━━━━━ Information supplied

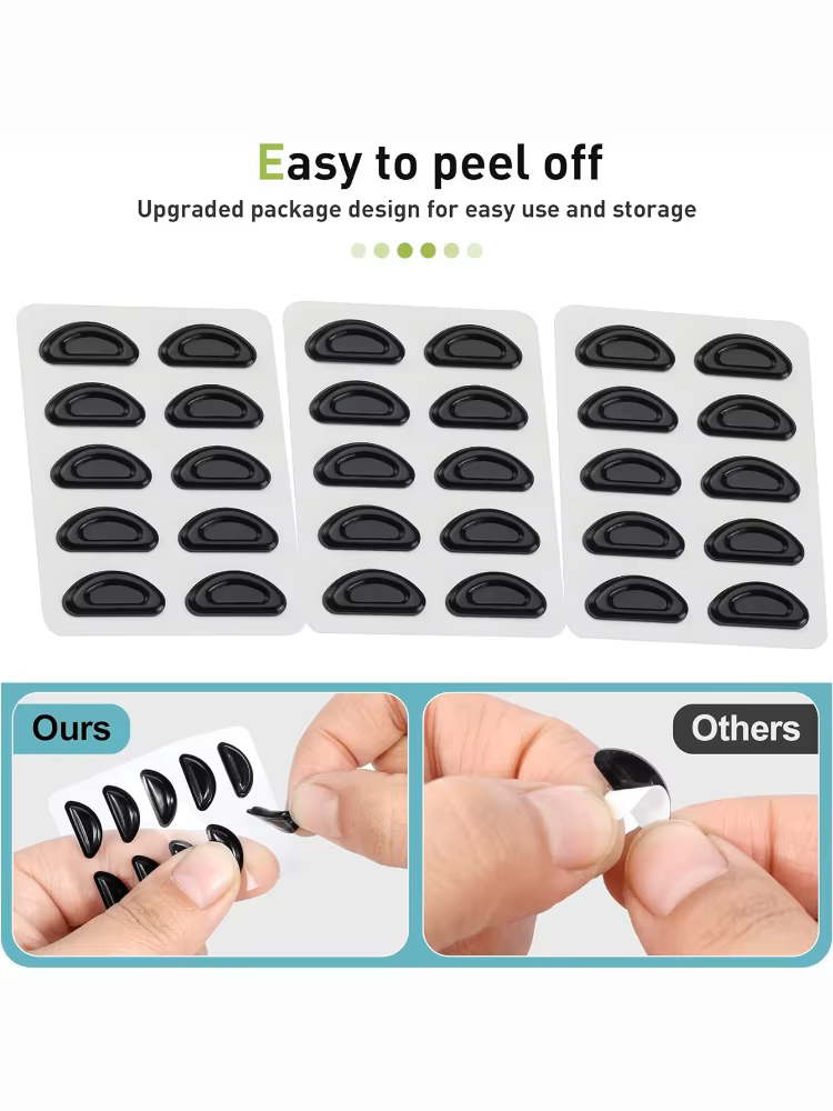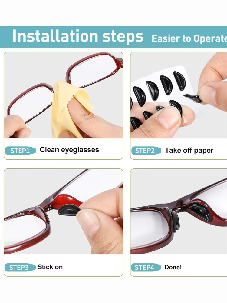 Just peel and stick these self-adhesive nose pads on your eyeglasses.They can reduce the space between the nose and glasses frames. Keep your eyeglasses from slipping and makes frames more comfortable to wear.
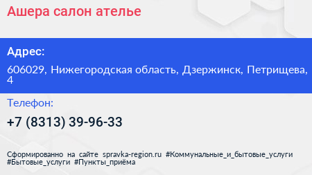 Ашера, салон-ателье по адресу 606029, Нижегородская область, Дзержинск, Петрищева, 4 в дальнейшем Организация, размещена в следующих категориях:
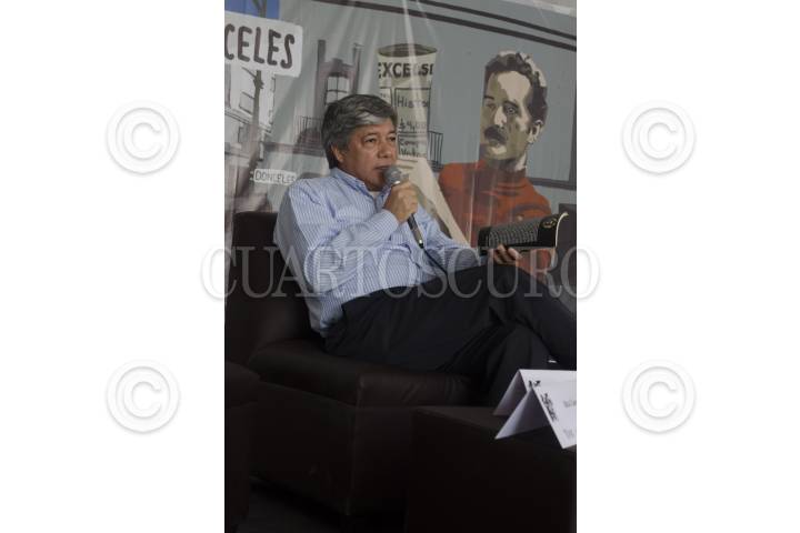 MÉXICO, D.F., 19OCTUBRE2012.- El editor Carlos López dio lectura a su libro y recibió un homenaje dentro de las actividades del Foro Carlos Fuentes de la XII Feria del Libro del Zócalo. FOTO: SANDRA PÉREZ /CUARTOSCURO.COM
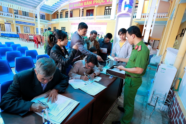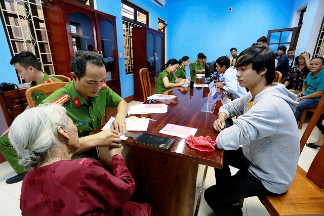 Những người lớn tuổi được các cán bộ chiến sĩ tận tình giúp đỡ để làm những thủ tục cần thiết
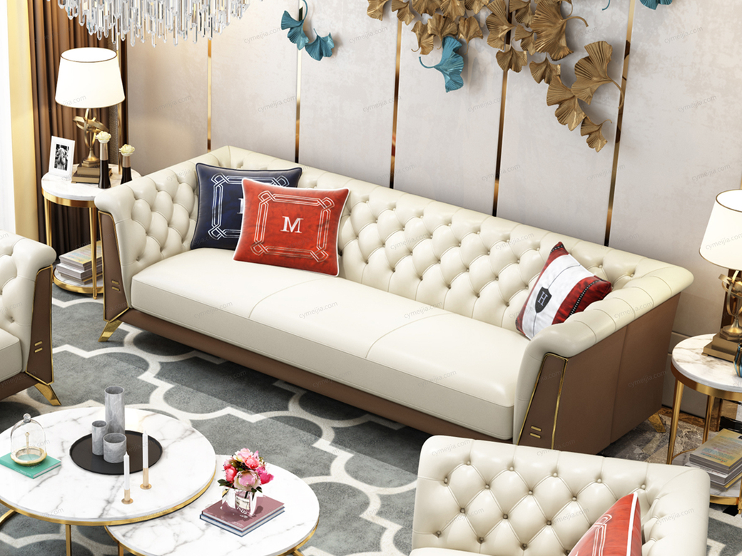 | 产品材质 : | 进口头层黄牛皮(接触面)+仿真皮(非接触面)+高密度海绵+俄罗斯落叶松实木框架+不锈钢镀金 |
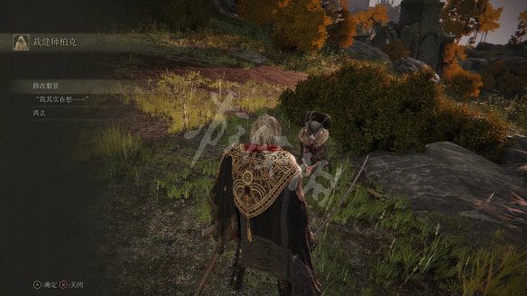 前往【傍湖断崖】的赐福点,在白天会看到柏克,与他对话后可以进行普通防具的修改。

━━━━━━━━━━

Prompt —
Exact copy, pictures excluded: print only the lines from the line containing "MÉXICO, D.F., 19OCTUBRE2012.- El" through the end of the records.

Solution for this task —
 MÉXICO, D.F., 19OCTUBRE2012.- El editor Carlos López dio lectura a su libro y recibió un homenaje dentro de las actividades del Foro Carlos Fuentes de la XII Feria del Libro del Zócalo. FOTO: SANDRA PÉREZ /CUARTOSCURO.COM
 Những người lớn tuổi được các cán bộ chiến sĩ tận tình giúp đỡ để làm những thủ tục cần thiết
 | 产品材质 : | 进口头层黄牛皮(接触面)+仿真皮(非接触面)+高密度海绵+俄罗斯落叶松实木框架+不锈钢镀金 |
 前往【傍湖断崖】的赐福点,在白天会看到柏克,与他对话后可以进行普通防具的修改。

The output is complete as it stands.